Misscommunication

Maybe it’s because of the thoughts I have

That drown out what is real,

And what is not–

Maybe it’s my mouth replacing the air with water,

Heavy in my lungs,

Afraid of what will come up

Once I try to connect the words in my mind

To the sounds in my throat–closed.

I want to protect my heart from the heavy weight I hold

When I see you,

But I’ve realized I can’t see you.

How can I see you when I can’t see myself,

Or when I look around and find no familiarity in my surroundings?

Grey is now permeating everything I see—

So first, it starts with me.

I choose to remove the weight

And look forward to my day.

I focus on being present

When the past is pressing in on all sides,

Forcing me to hide.

I focus on having patience

When I feel wasted by

The people surrounding me on a daily basis.

I focus on communication,

And protecting my mind and my heart

from the forces around me asking me to change who I am

For them,

Because I am worth it.

I will say it over and over again,

That I am who I am,

Fallen and imperfect.

I love the cracks in my hands and freckles on my skin,

And the excitement I get from a small moment.

I ask nothing to forgive,

I only ask for a conversation,

Not a misinterpretation.

I ask for someone to see me past expectation.

See me as a living and breathing human who is prone to making mistakes.

See me as you would see yourself at the end of the day—

As a person.

Dead Space

There is a room in my mind that has no windows or doors.

It has no color–walls stripped bare and blank and empty–

like a force of nature decided to strip a home of its humanity.

Life has left the hallways and spaces of this place.

There is no frame or shape that can explain the barren structure left behind.

It has no name.

It is the definition of  “nothing.”

Noise bounces off the foundation like a soundproof room, and leaves no trace of voice.

It is the little hell that keeps people from seeing God or faith in living things.

It is a piece of rotting wood, not good for anything.

This place in my mind–this deadened wood that has no purpose–

permeates my definition of life.

It reminds me of the pressing feeling that nothing lasts and everything fades to the past and pushes people back

until they can’t see color anymore.

It’s a black and white world.

 

10 Things I’d Tell My Freshman-self

  1. Do not prop books on tree branches–they will fall and scare the heck out of the blonde girl in your American Lit class.
  2. Take two flashlights when you go caving, unless you feel like wandering through a cave in the dark for a few hours.
  3. The Christian Studies guy is a total prick.
  4. I’m sure the blonde jock seems charming and sweet, but don’t fall for it.
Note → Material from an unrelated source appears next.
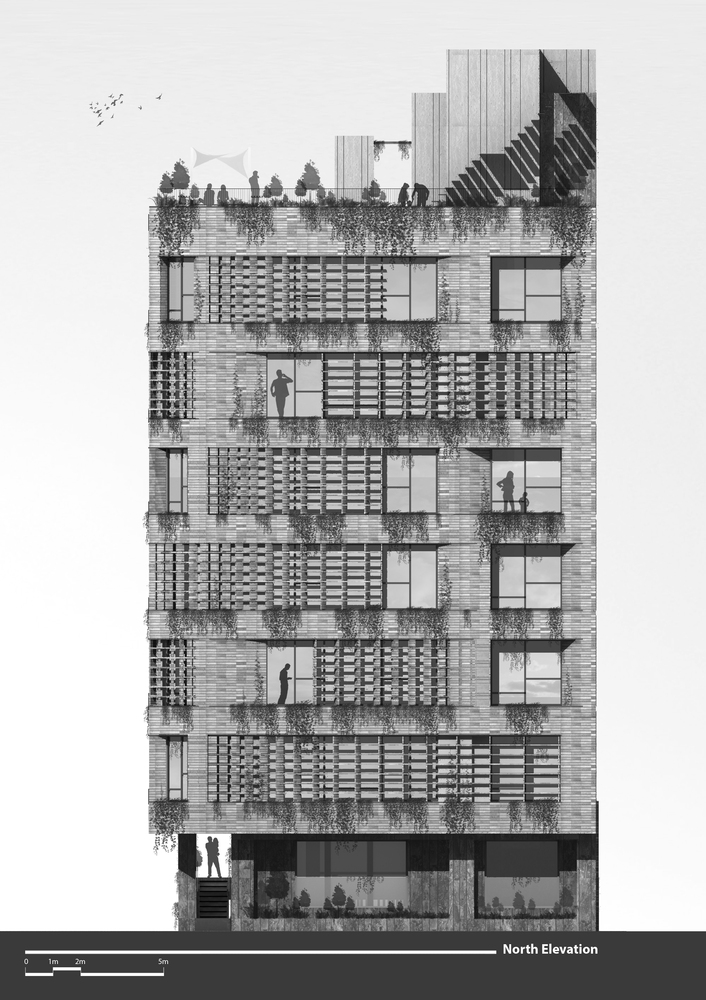 This opened-facade designed to provide greenery growth gradually toward the widest grid of facade, on the one hand by distancing finishing shell from main body of the building and on the other hand by making the grids of finishing shell of the facade, wider and wider and like was gradually rotating the elements of facade to minimize coverage.

Trust me.
  5. Measure your trust in teaspoons.
  6. Join a sport just to see if you make it. You can find some of your best friends on a team (like cross-country!).
  7. Move off campus for a year, but do NOT sign any year-long contracts. Sometimes your friends (roommates) try to screw you over.
  8. Your roommates are all lesbians. They aren’t just having sleepovers in there.
  9. Don’t throw away Jenga. You will miss it, and it was supposed to be your best friend’s birthday present!
  10. Last of all, PLEASE have fun. And not the kind of fun that people tell you is fun–I’m sure most of the parties in town are just full of testosterone and they smell like feet.